Barings moves to buy Korean asset manager

The firm agrees to acquire SEI Asset Korea to fast-track its expansion in the country. It will look to ramp up distribution of domestic and global products.
Barings moves to buy Korean asset manager

UK-based Baring Asset Management has signed an in-principle agreement to acquire SEI Asset Korea, with the deal expected to go through by the end of this year, pending regulatory approval.

The Korean house has $6.3 billion in AUM and 47 staff, of whom 23 are investment professionals. Its management structure will be kept intact and the firm will be merged into Barings Korea Ltd, which the UK manager established over two years ago and has just two staff.

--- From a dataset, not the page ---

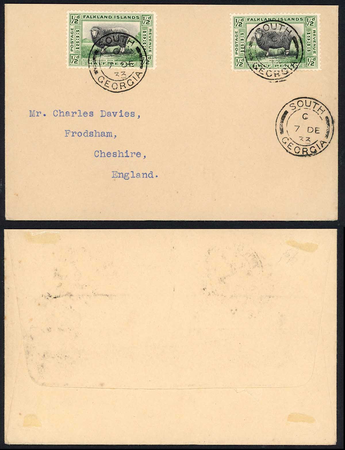 Falkland Is South Georgia 1/2d x 2 Centenary on cover to England
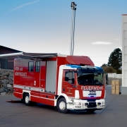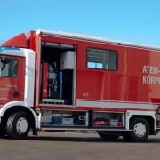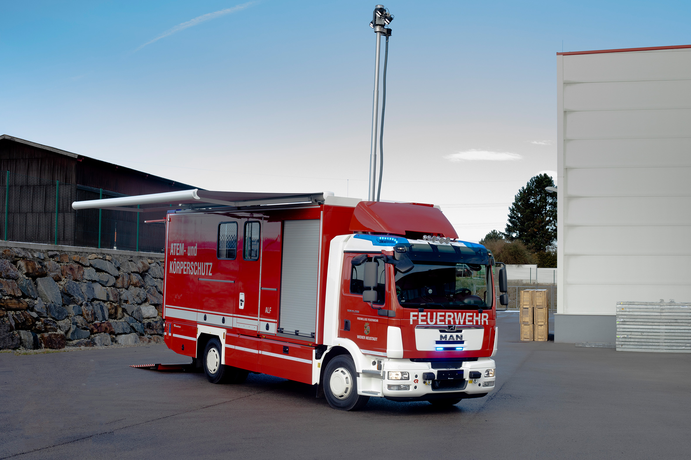 Der Kofferaufbau in (Alu-Sandwich Bauweise) ist in 3 Bereiche gegliedert: Technikebene, Arbeitsraum und Geräteraum. Mit einem 40 kVA Einbaugenerator wird die halbautomatische Atemluftkompressoranlage betrieben sowie sämtliche stromverbrauchende Gerätschaften des Fahrzeuges wie zum Beispiel die Umfeldbeleuchtung und der Lichtmast, welcher eine grüne Blitzleuchte zur Kennzeichnung des Atemschutzsammelplatzes sowie die Luft-Ansaugung für den Atemluftkompressor beinhaltet. Der leistungsstarke Lichtmast kann die Einsatzstelle in der Nacht im Umkreis von ca. 25 Meter in alle Richtungen bestens ausleuchten.

Once completed, Barings’ Korea office will be run by Thae Surn Khwarg, current chief executive of SEI Asset Korea.

This transaction will add materially to Barings’ AUM in Asia, which prior to this announcement stood at around $11 billion out of a global asset base of $47 billion. It has 505 staff in total.

Ian Pascal, London-based head of marketing and communications at Barings, tells AsianInvestor: “The transaction was an opportunity to make a step-change in terms of our distribution in Korea.

“SEI AK has licences to distribute institutional and retail products there, and we will look to bring our international products and investment skills to distribute more widely in the country. We believe we can help grow this business more rapidly.”

SEI AK has a range of equity and fixed income products at the core of its domestic offering, and these will be rebranded once the transaction is completed.

Barings does have a UK-domiciled Korea unit trust with a feeder fund for the international market run out of Hong Kong and registered globally. Pascal estimates the strategy has $350 million.

Financial details of the transaction remain undisclosed, and he declines to be drawn on whether Barings was in discussions with parties other than SEI AK about a potential acquisition.

However, he says Barings chose acquisition as the fastest way to accelerate its expansion plans in Korea, a market that he notes is the third largest for asset management services in the region.

Pascal points to growing appetite for global risk assets from a long-term perspective in Korea as a diversification from the domestic market, and sees Barings’ high-yield global bond product as one distribution option.

“Korea is a large asset management market and it is growing rapidly,” he adds. “We believe it will continue to do so in the long term, so it makes sound sense to expand our presence there.”

Barings also has an Asian presence in Japan, Hong Kong and Taiwan, but Pascal indicates that the firm has no further acquisition plans at present.

SEI AK is the 19th largest firm out of 82 asset managers registered in Korea, according to a Barings statement. It was founded in 1988 as Tong Yang Investment Advisory and merged with Asset Korea in 1997.